Авиньон расковывает: здесь у городских жителей замкнутость и нервность исчезают, от настойчивых зазывал не отмахиваются, как от попрошаек, а непременно останавливаются, вступают в беседу, расспрашивают о спектакле. В открытых ресторанах между столиками артисты танцуют, поют и разыгрывают сценки, приглашая на представления, подсаживаются и выкладывают на скатерть открытки со своими портретами, оживляются: "O, russe! Zdrastujte! Spasiba!". Навязчивость никого не раздражает - за этим и приехали.
В Авиньоне все становятся актерами: парень, взбивающий за уличным прилавком фруктовые коктейли, одновременно танцует, жонглирует фруктами и чашкой миксера и лихо шутит с девушками.
Из ресторанов по вечерам раздаются звуки караоке - тот, кто весь день был зрителем, хочет теперь выйти на сцену сам. Кажется, в этом городе не работает никто, кроме официантов и актеров. Типично южную атмосферу веселого безделья не нарушает даже всеобщая театральная гонка: не смотря на то, что спектакль очень нравится, иной раз приходится уходить за 15 минут до конца, чтобы успеть на другой.
Азиаты
После прошлогоднего "Большого русского сезона" в этом году в основной программе фестиваля был раздел "Желание Азии", а ночной профессиональный клуб, в прошлом году называвшийся в русском духе "Спасибар", в этом году переименовали в "З'Азибар". В программе были одно корейское представление, одно тибетское, одно японско-французское и восемь тайваньских. Интерес к азиатским спектаклям большой: вслед за европейскими интеллектуалами к экзотическому Востоку потянулась и публика.
Традиционное восточное искусство поражало именно искусством - искусностью, мастерством. Труппы тайваньских кукольных театров и театра теней показывали представления по китайским легендам - полные драконов и бесконечных битв и сопровождаемые пронзительными гортанными криками, гнусавыми звуками традиционных струнных и неостановимой барабанной дробью. Глядя на обычные перчаточные куклы труппы Сяо Си-Юань, невозможно было понять, как воинам удается так лихо подпрыгивать, совершая кульбиты в воздухе, и вращать палицами, а женщинам делать такие изящные и трогательные жесты своими крошечными ручками. А в театре теней еще больше, чем мгновенные превращения причудливых животных, поражали волшебные изменения света, неспешные движения тонконогой цапли, ловящей рыб в гладкой синей воде, или ковыляние черепахи.

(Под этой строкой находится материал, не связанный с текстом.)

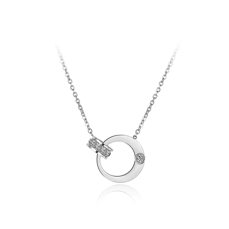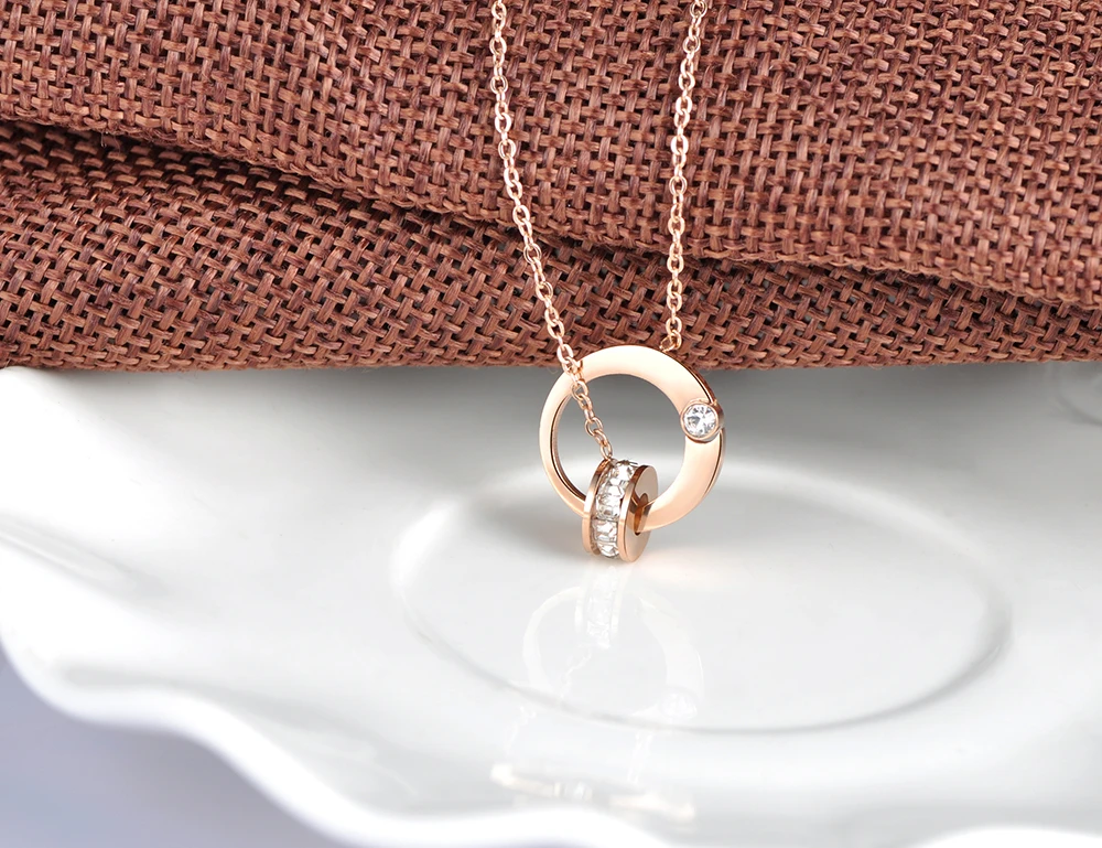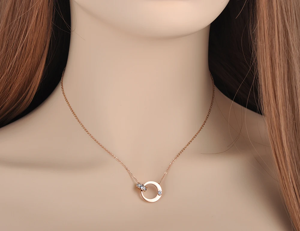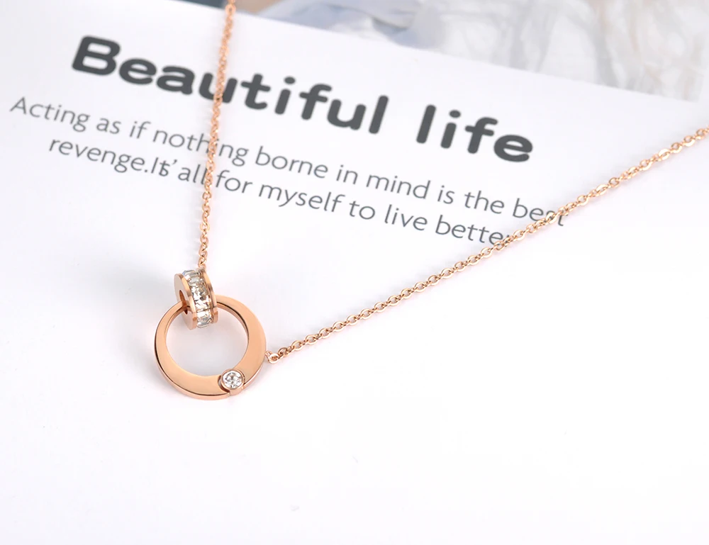 Цепочка и ожерелье BOBOTUU с двойным кольцом из кубического циркония, ювелирные изделия, титановая сталь, розовое золото, чокеры, ожерелье для женщин BN18054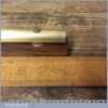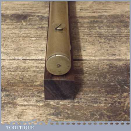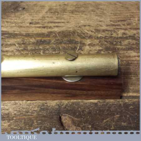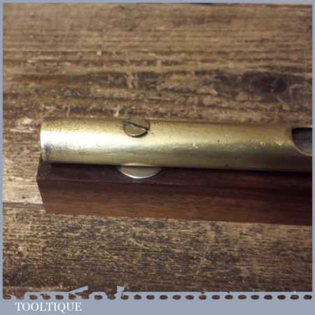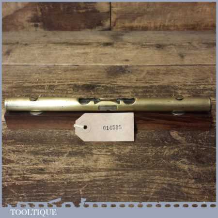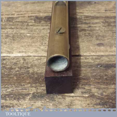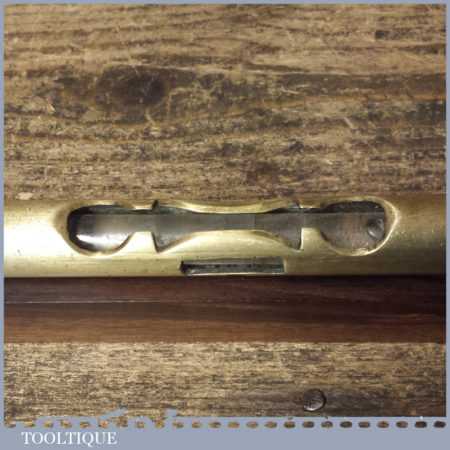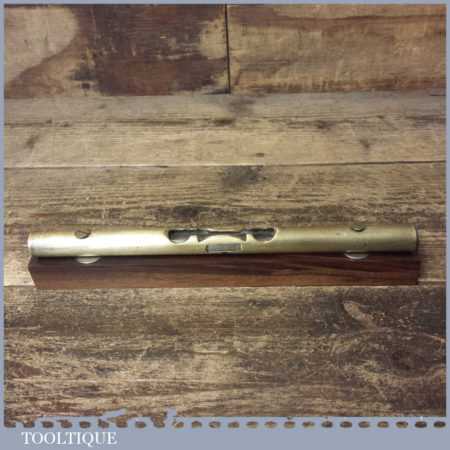 Vintage engineer’s brass spirit level on 10” on a mahogany base, with original clear bubble and in good used condition. Note: the level hasn’t been tested and may require resetting if intended for use. Note: Brass stopper missing at one end.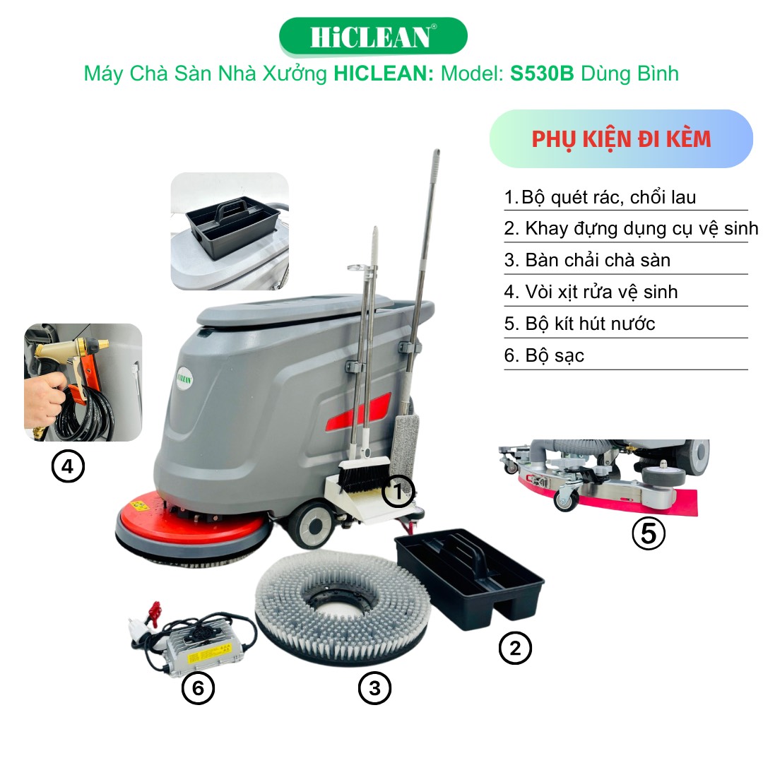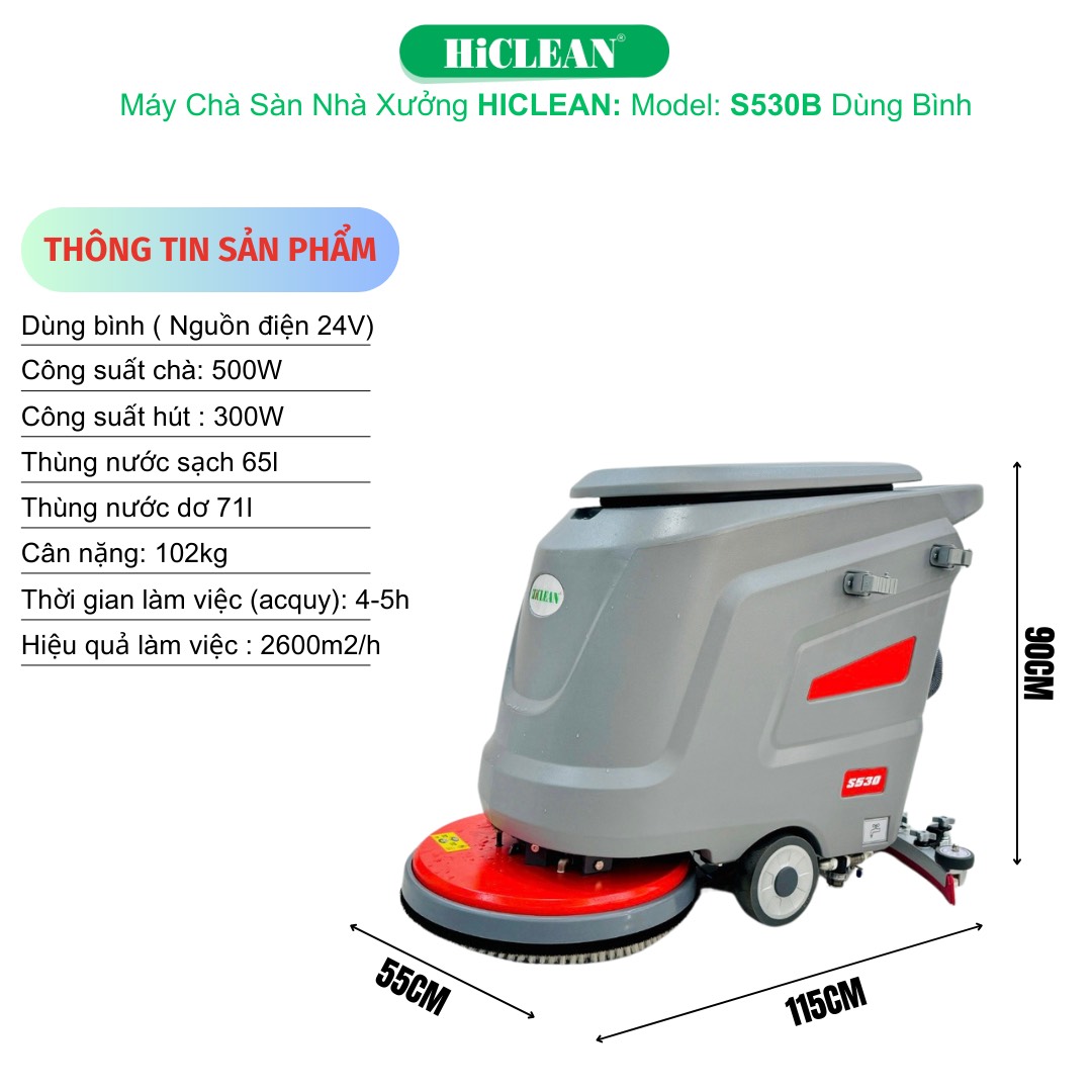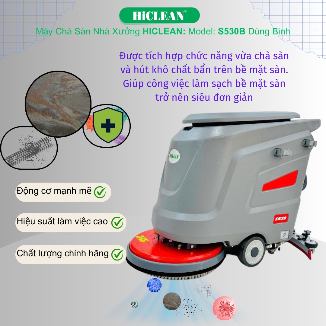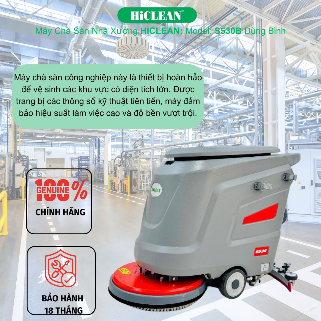 Máy chà sàn liên hợp HiClean S530B, sử dụng nguồn điện từ ắc quy, là một giải pháp vệ sinh công nghiệp tiên tiến, được thiết kế để mang lại hiệu quả làm sạch vượt trội cho các không gian rộng lớn. Sản phẩm này tích hợp đồng thời chức năng chà và hút nước, giúp sàn nhà không chỉ sạch mà còn khô ráo ngay sau khi vệ sinh. Với nguồn năng lượng từ bình ắc quy 24V/120Ah , máy có khả năng hoạt động liên tục từ 4 đến 5 giờ , đảm bảo quá trình làm sạch không bị gián đoạn. Đặc biệt, thiết kế không dây của máy mang lại sự linh hoạt tối đa, cho phép người dùng dễ dàng di chuyển và làm sạch ở mọi ngóc ngách mà không bị vướng víu bởi dây điện. Với chiều rộng làm việc lên đến 530mm và hiệu suất làm việc ấn tượng 2600m²/h , HiClean S530B là sự lựa chọn lý tưởng cho nhiều loại hình không gian công nghiệp và thương mại như nhà xưởng, bệnh viện, trường học, siêu thị và các khu vực công cộng khác, nơi đòi hỏi tiêu chuẩn vệ sinh cao và hiệu quả làm sạch nhanh chóng.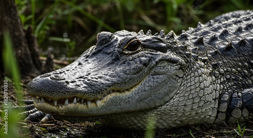 © Marnourin, Obraz premium Close-up of a fearsome reptile with rough, armored skin and sharp teeth in a lush, green marsh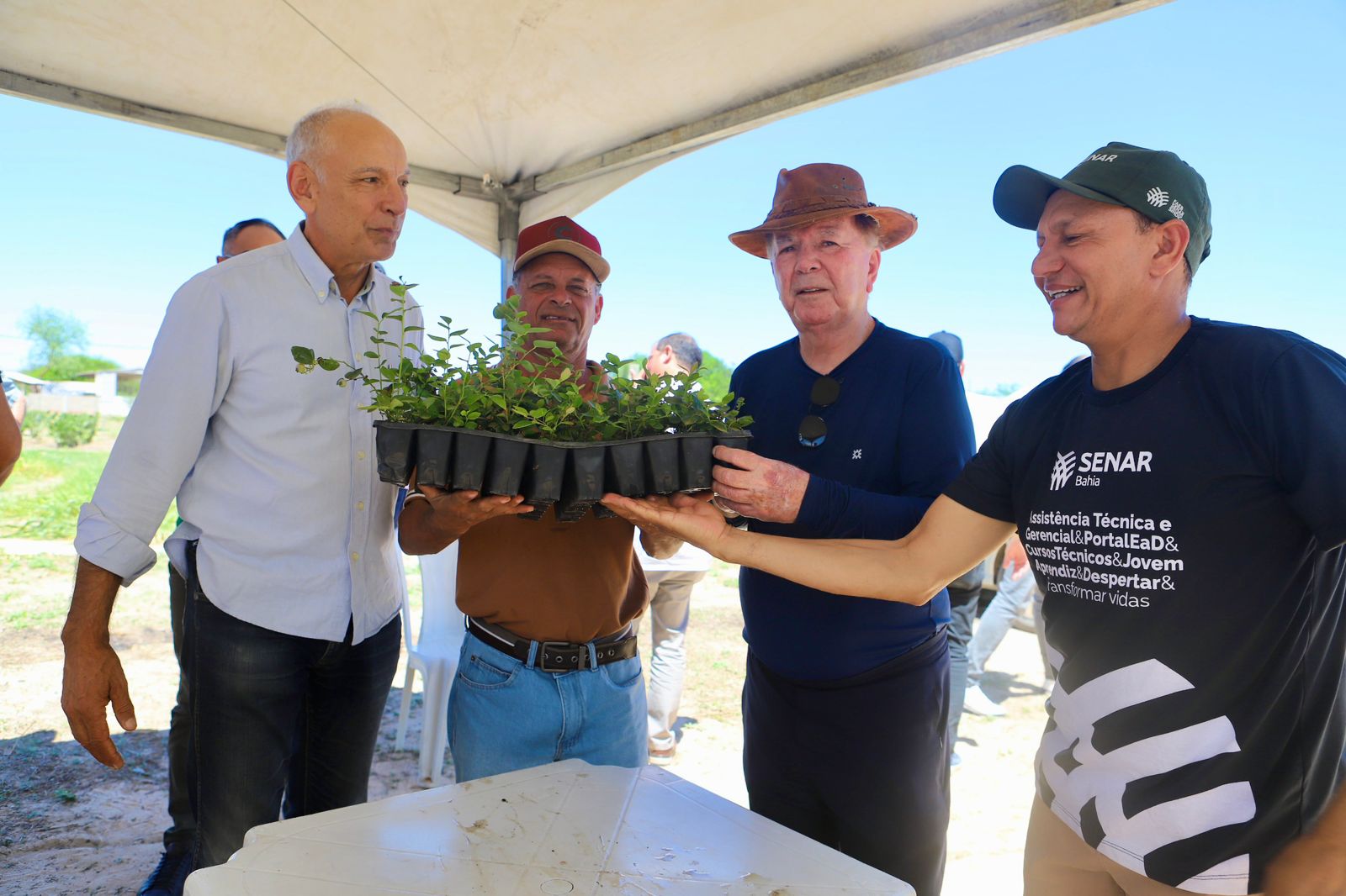 Nesta sexta-feira (14), o deputado federal João Leão (PP) acompanhou a entrega de 71 mil mudas de mirtilo, adquiridas por meio de emenda parlamentar de sua autoria, pelo Sindicato dos Produtores Rurais de Barra aos estudantes da Universidade Federal do Oeste da Bahia (UFOB), Campus Barra, e aos produtores rurais da região.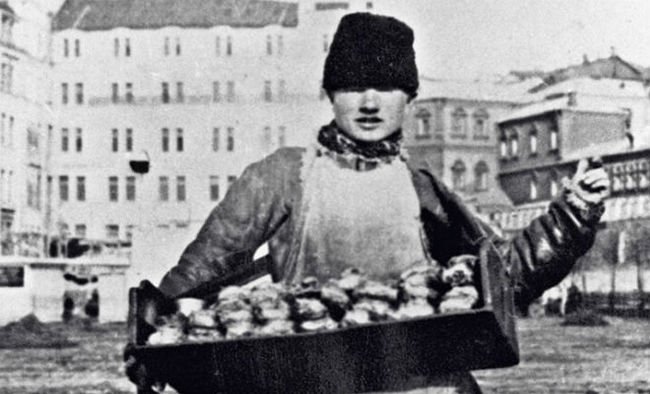 Разносчики фастфуда выбирали людные места для работы. У бань и вокзалов, у рынков всегда можно было встретить услужливого молодца, готового предложить быстрый перекус.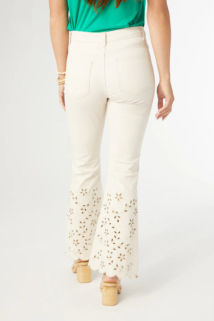 These charming jeans feature adorable cut-out flower details that add a whimsical touch to your everyday look. Perfect for anyone who loves mixing playful style with comfort, these jeans bring a fresh, botanical vibe to your wardrobe. The delicate floral cutouts create visual interest while maintaining the classic fit you love. Dress them up or down—they're versatile enough for casual outings or a fun night out with friends.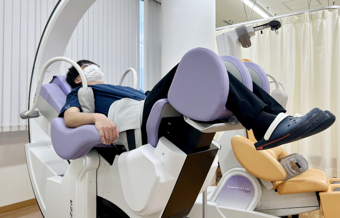 牽引治療とは負担のかからない正しい姿勢で牽引し、椎間部の負担を軽減します。また姿勢を保つため腰部・背部の筋肉をストレッチすることができます。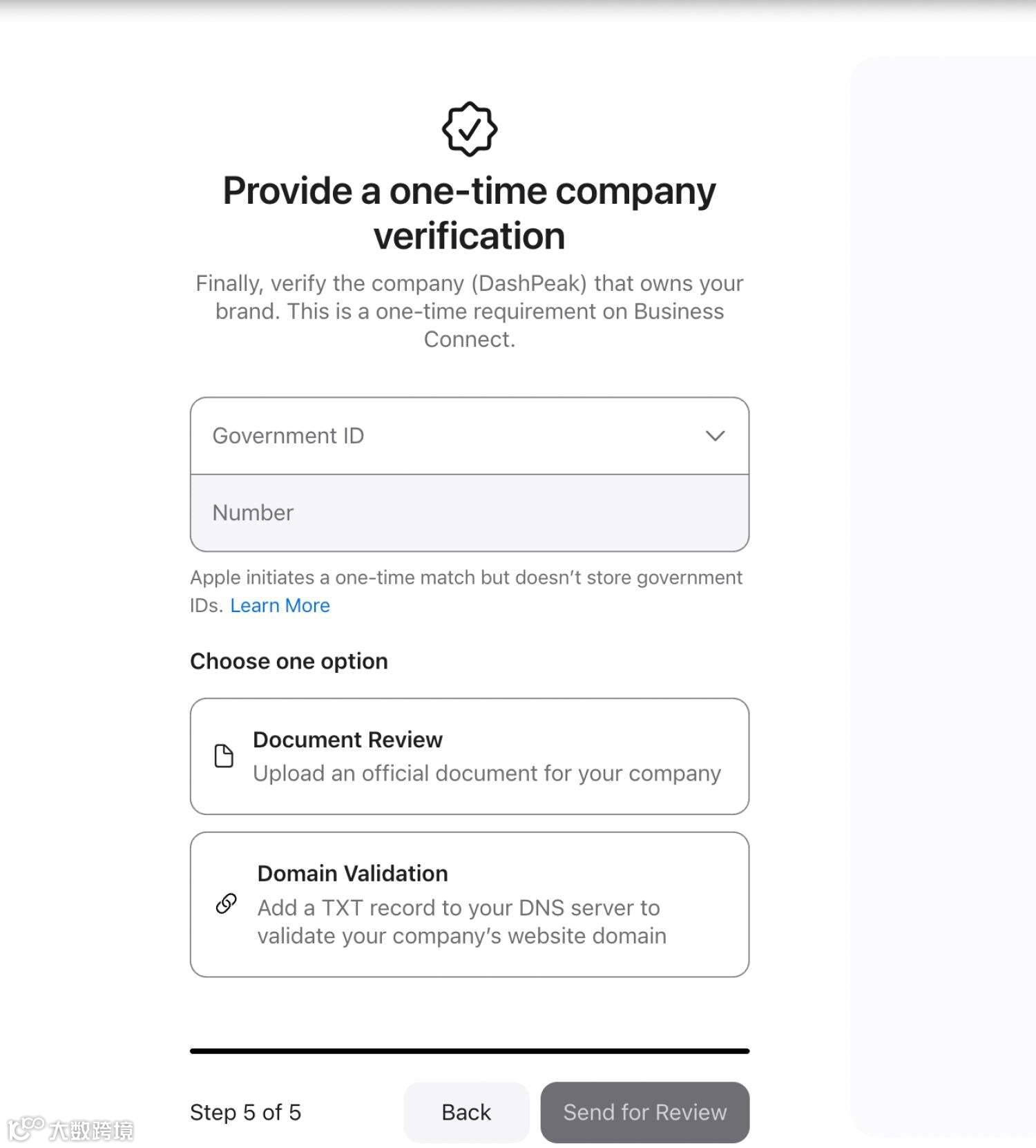 如果是添加新的商户信息,则需要进行公司验证。这是一次性要求,你可以通过文档审查(上传公司的官方文档)或域名验证(向你的DNS服务器添加TXT记录)来验证你的公司。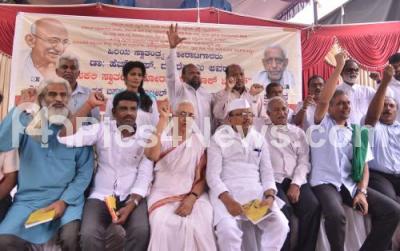 Photo Caption : Members of Gandhi Pratishtana, Karnataka Gandhi Smaraka Nidhi and others organisations led by MLA BR Patil, Lalitha Naik, Kodihalli Chandrashekhar and others staged a protest against Basanagouda Patil Yatnal BJP MLA from Vijayapura, for his remarks on HS Doreswamy, Freedom Fighter, the protest was held at Gandhi Statue, Anand Rao Circle, in Bengaluru on Monday 2nd March 2020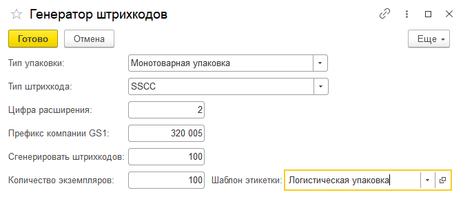 Данная функция предназначена для заблаговременного формирования и печати кодов логистических упаковок, для их последующего нанесения на сформированные упаковки. Этот процесс является альтернативным процессу виртуальной агрегации. В рамках этого процесса напечатанные коды передаются в производство. Сотрудники формируют упаковку и наносят на уже сформированную упаковку распечатанный код. Код сканируется в момент формирования упаковки. До этого сгенерированные коды не связаны с содержимым упаковки и могут быть нанесены на любую упаковку произвольно. Коды можно сгенерировать в формате SSCC или GS1-128.
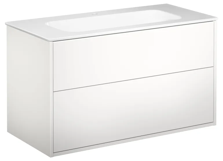 Valkoinen pesuallaskaappi, 100 cm, jossa on kaksi laatikkoa ja valkoinen pesuallas, jossa on yksi hanareikä. Pesuallaskaapissa on täysin katettu, ohut posliininen pesuallas, jossa reilusti laskutilaa.

Представление "Корейцы" играли за городом, в заброшенном карьере Бульбон (том самом, где когда-то Питер Брук показывал свой легендарный многочасовой спектакль "Махабхарата"). Гас закат, небо темнело, и второе отделение играли уже ночью. В первой части были традиционные музыка, пение и танец.
То напряженные, то расслабляющие заунывные звуки и медленные движения танцовщиц располагали к созерцательности и удивительно шли к этому необычному пространству: огромной освещенной чаше с отвесными стенами скал под черным небом с крупными южными звездами. Второе отделение под названием "Свободен в форме" вызвало особое воодушевление публики и представляло собой уже современную обработку традиционного искусства - в нем было куда больше движения, виртуозного барабанного боя и вообще эффектной туристской упаковки в духе национального ансамбля песни и пляски.
Вообще различение истинного и подделки в том, что касается традиционной культуры, показалось мне особенно актуальным на этом Авиньоне. Вот на улице выступает небольшой украинский ансамбль. Все, как полагается: скрипка, гармонь, девушки в монистах да веночках, парни в шароварах. И что вы думаете они поют? "Подмосковные вечера". А публика согласно подпевает. То есть звучит именно то, что хотят услышать в качестве русской экзотики. И вот результат. Во время фестиваля я посмотрела на видео старый спектакль лошадиного цирка "Зингаро" на цыганскую тему. В его музыкальном оформлении, кроме всяких "очей черных", была и "Ой, рябина кудрявая", и "Одинокая гармонь" и даже "В лесу прифронтовом". Тут я засомневалась, что изысканный спектакль "Зингаро" на корейскую тему, о котором мне приходилось писать ("Итоги" № 32, 1997), действительно был таким уж корейским.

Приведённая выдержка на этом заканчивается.